Required work
Pictures don't belong in the copy; print all the records exactly.

Records for the exercise
○ ○ ○ ○ ○

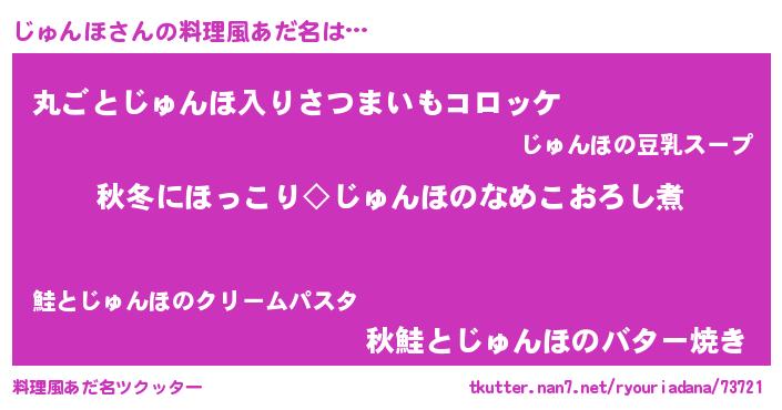 | 男性向けラノベタイトル風あだ名 | 『じゅんほに滅ぼされるだけの簡単なお仕事です』 |
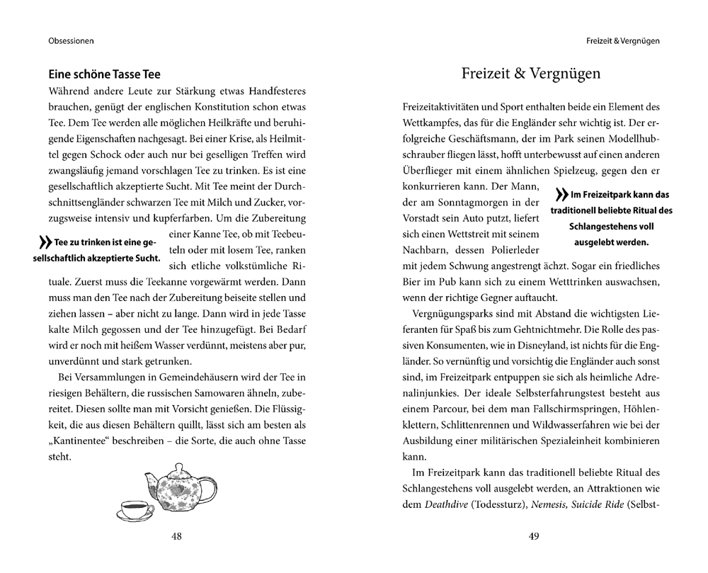 "Auf 108 Seiten bringen die lockeren, teils bissigen Texte das Engländersein auf den Punkt. [...] Nice!" abenteuer & reisen "Das Buch ist so lustig geschrieben, dass ich es nach kürzester Zeit durchgelesen hatte und dabei einige Male sehr lachen musste." Immerglueck.com "Die Kurztexte sind so amüsant, dass man sich vor dem nächsten Fettnäpfchen sicher daran erinnert. [...] Beitrag zur interkulturellen Kommunikation ..." Münchner Merkur "Die Reihe begegnet den kulturellen Unterschieden offen. Im lockeren, mitunter bissigen Stil bleiben die Texte immer feinsinnig und auf den Punkt. Altmark-Zeitung "Empfehlenswert für alle, die sich mit einem Augenzwinkern über die wissens- und liebenswerten Eigenheiten anderer Länder informieren wollen." Nordis. Das Nordeuropamagazin "Länder mal nicht anhand ihrer Sehenswürdigkeiten, sondern ihrer Eigenarten und Einwohner kennenlernen." BILD "Das ist nicht nur amüsant zu lesen, sondern für Reisen tatsächlich hilfreich. Um nicht ins Fettnäpfchen zu treten oder gar bis über beide Ohren darin zu versinken." Badische Zeitung
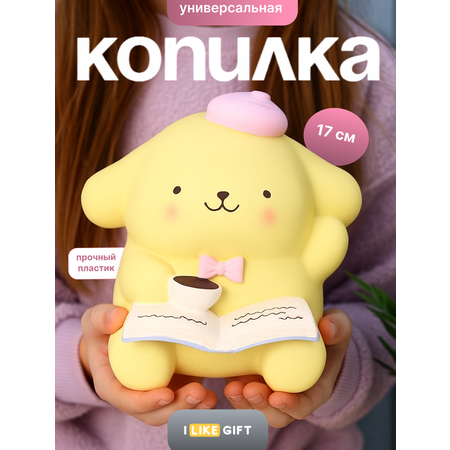 Копилка пластиковая iLikeGift Щенок — тёплая, милая и очень «домашняя» фигурка, которая помогает ребёнку делать первые сбережения и украшает комнату уютным настроением. Жёлтый щенок с розовой шапочкой, аккуратным бантиком и открытой книгой на коленях выглядит как герой трогательного мультфильма: спокойный, дружелюбный и будто приглашающий устроиться рядом и почитать. Такая копилка гармонично смотрится в детской, на столе школьника и даже в рабочем уголке взрослого, который любит милые детали.
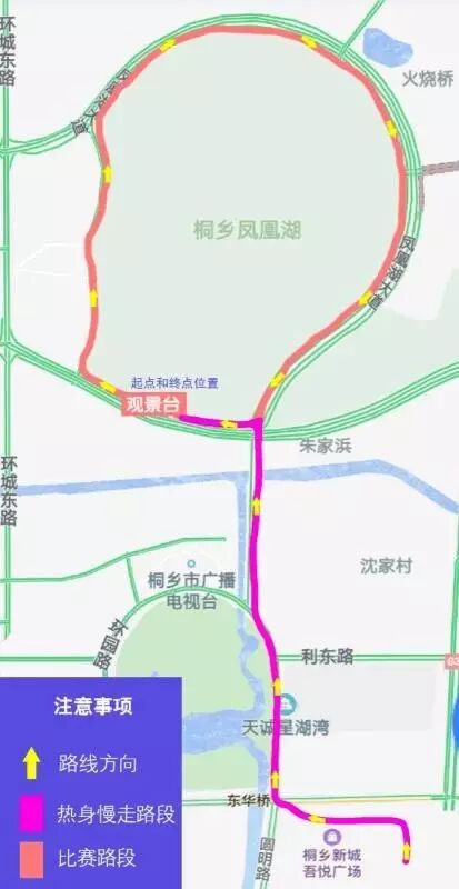由吾悦东广场出发,热身慢走至凤凰湖西南角观景台,之后分组进行绕凤凰湖顺时针一圈跑步比赛,回到观景台即完成比赛。
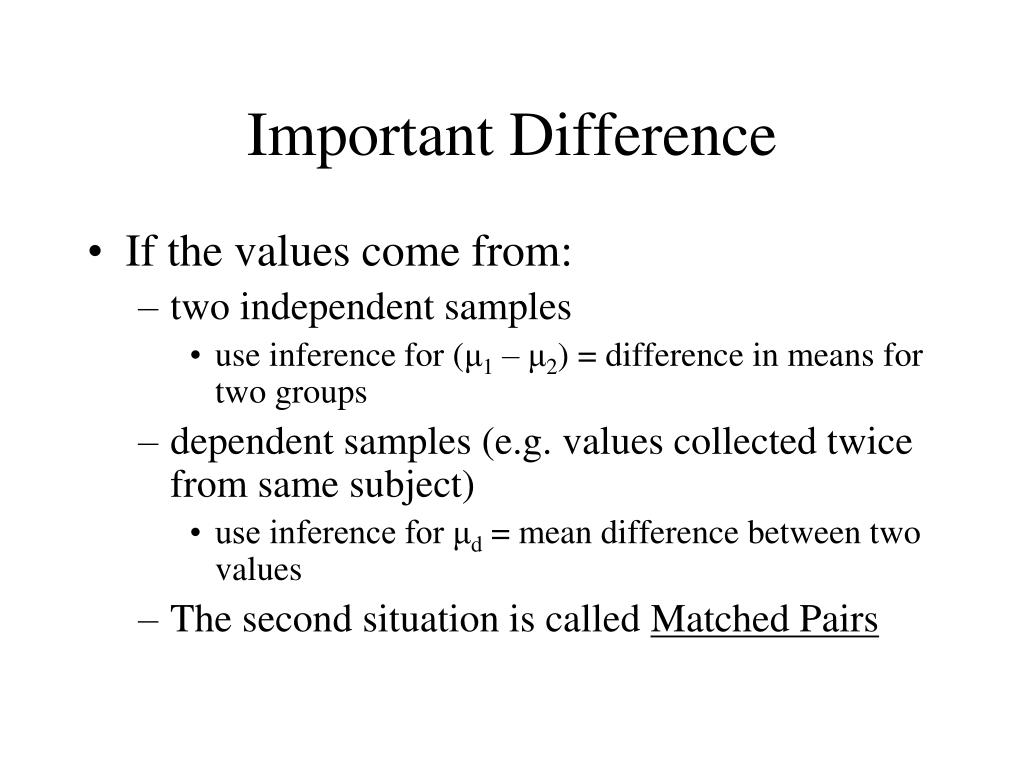 Important Difference • If the values come from: • two independent samples • use inference for (μ1 – μ2) = difference in means for two groups • dependent samples (e.g. values collected twice from same subject) • use inference for μd = mean difference between two values • The second situation is called Matched Pairs
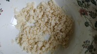 空档开始制作面疙瘩,取一个尽量大的碗,倒入面粉,取一只空碗,倒适量水。左手沾湿,往面粉里甩水,右手迅速搅拌面粉至水滴消失,左手继续不断往面粉里面甩水,并且不断用右手快速搅拌。直到面粉被搅拌至小小颗粒的面疙瘩。
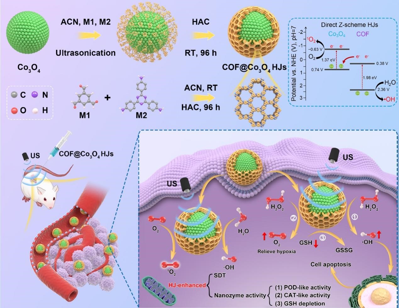 基于此,化学化工学院冯传起博士与上海大学、第二军医大学等单位合作构建了一种新型的COF@Co3O4 Z-型异质结纳米酶平台以增强纳米催化-声动力联合肿瘤治疗的效果。所制备的Co3O4纳米球不仅具有优异的声动力学性能,而且还兼具类过氧化物酶、过氧化氢酶和谷胱甘肽过氧化物酶的催化活性,可以实现ROS的扩增,缓解肿瘤缺氧问题。更重要的是,超声(US)触发的Co3O4纳米球的ROS产生能力和三重酶模拟活性可通过COF@Co3O4 Z-型异质结的构筑大大增强。基于改进的US产生的电子-空穴对的空间分离动力学和加速的载体转移过程,COF@Co3O4实现了无复发的完全肿瘤根除。该工作为设计高效纳米酶平台用于增强肿瘤治疗效果提供了有价值的思路与方案。
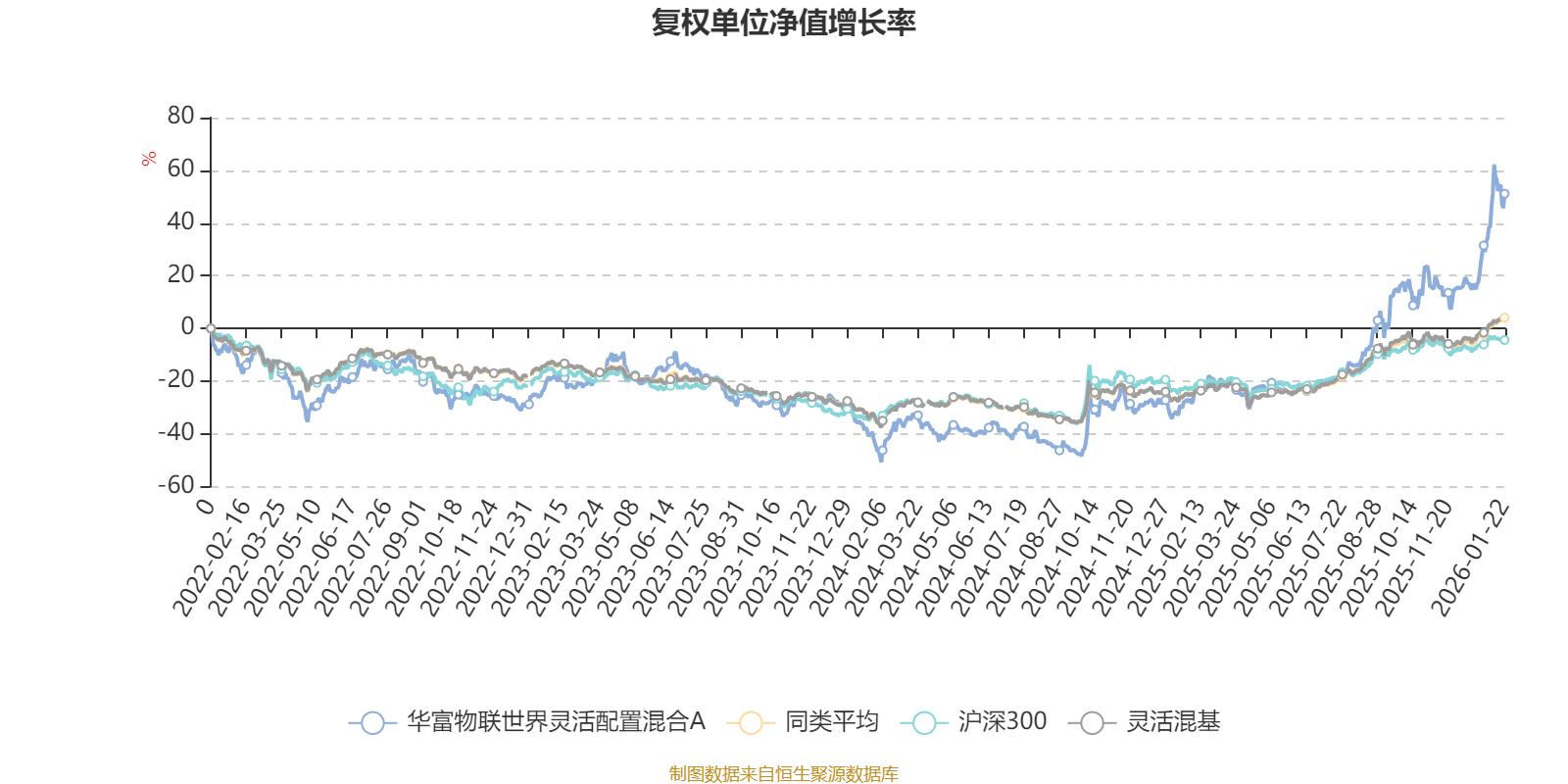 截至1月22日,华富物联世界灵活配置混合A近三个月复权单位净值增长率为32.46%,位于同类可比基金26/1286;近半年复权单位净值增长率为84.66%,位于同类可比基金10/1286;近一年复权单位净值增长率为107.94%,位于同类可比基金12/1286;近三年复权单位净值增长率为87.07%,位于同类可比基金45/1286。

○ ○ ○ ○ ○

Task output
 | 男性向けラノベタイトル風あだ名 | 『じゅんほに滅ぼされるだけの簡単なお仕事です』 |
 "Auf 108 Seiten bringen die lockeren, teils bissigen Texte das Engländersein auf den Punkt. [...] Nice!" abenteuer & reisen "Das Buch ist so lustig geschrieben, dass ich es nach kürzester Zeit durchgelesen hatte und dabei einige Male sehr lachen musste." Immerglueck.com "Die Kurztexte sind so amüsant, dass man sich vor dem nächsten Fettnäpfchen sicher daran erinnert. [...] Beitrag zur interkulturellen Kommunikation ..." Münchner Merkur "Die Reihe begegnet den kulturellen Unterschieden offen. Im lockeren, mitunter bissigen Stil bleiben die Texte immer feinsinnig und auf den Punkt. Altmark-Zeitung "Empfehlenswert für alle, die sich mit einem Augenzwinkern über die wissens- und liebenswerten Eigenheiten anderer Länder informieren wollen." Nordis. Das Nordeuropamagazin "Länder mal nicht anhand ihrer Sehenswürdigkeiten, sondern ihrer Eigenarten und Einwohner kennenlernen." BILD "Das ist nicht nur amüsant zu lesen, sondern für Reisen tatsächlich hilfreich. Um nicht ins Fettnäpfchen zu treten oder gar bis über beide Ohren darin zu versinken." Badische Zeitung
 Копилка пластиковая iLikeGift Щенок — тёплая, милая и очень «домашняя» фигурка, которая помогает ребёнку делать первые сбережения и украшает комнату уютным настроением. Жёлтый щенок с розовой шапочкой, аккуратным бантиком и открытой книгой на коленях выглядит как герой трогательного мультфильма: спокойный, дружелюбный и будто приглашающий устроиться рядом и почитать. Такая копилка гармонично смотрится в детской, на столе школьника и даже в рабочем уголке взрослого, который любит милые детали.
由吾悦东广场出发,热身慢走至凤凰湖西南角观景台,之后分组进行绕凤凰湖顺时针一圈跑步比赛,回到观景台即完成比赛。
 Important Difference • If the values come from: • two independent samples • use inference for (μ1 – μ2) = difference in means for two groups • dependent samples (e.g. values collected twice from same subject) • use inference for μd = mean difference between two values • The second situation is called Matched Pairs
 空档开始制作面疙瘩,取一个尽量大的碗,倒入面粉,取一只空碗,倒适量水。左手沾湿,往面粉里甩水,右手迅速搅拌面粉至水滴消失,左手继续不断往面粉里面甩水,并且不断用右手快速搅拌。直到面粉被搅拌至小小颗粒的面疙瘩。
 基于此,化学化工学院冯传起博士与上海大学、第二军医大学等单位合作构建了一种新型的COF@Co3O4 Z-型异质结纳米酶平台以增强纳米催化-声动力联合肿瘤治疗的效果。所制备的Co3O4纳米球不仅具有优异的声动力学性能,而且还兼具类过氧化物酶、过氧化氢酶和谷胱甘肽过氧化物酶的催化活性,可以实现ROS的扩增,缓解肿瘤缺氧问题。更重要的是,超声(US)触发的Co3O4纳米球的ROS产生能力和三重酶模拟活性可通过COF@Co3O4 Z-型异质结的构筑大大增强。基于改进的US产生的电子-空穴对的空间分离动力学和加速的载体转移过程,COF@Co3O4实现了无复发的完全肿瘤根除。该工作为设计高效纳米酶平台用于增强肿瘤治疗效果提供了有价值的思路与方案。
 截至1月22日,华富物联世界灵活配置混合A近三个月复权单位净值增长率为32.46%,位于同类可比基金26/1286;近半年复权单位净值增长率为84.66%,位于同类可比基金10/1286;近一年复权单位净值增长率为107.94%,位于同类可比基金12/1286;近三年复权单位净值增长率为87.07%,位于同类可比基金45/1286。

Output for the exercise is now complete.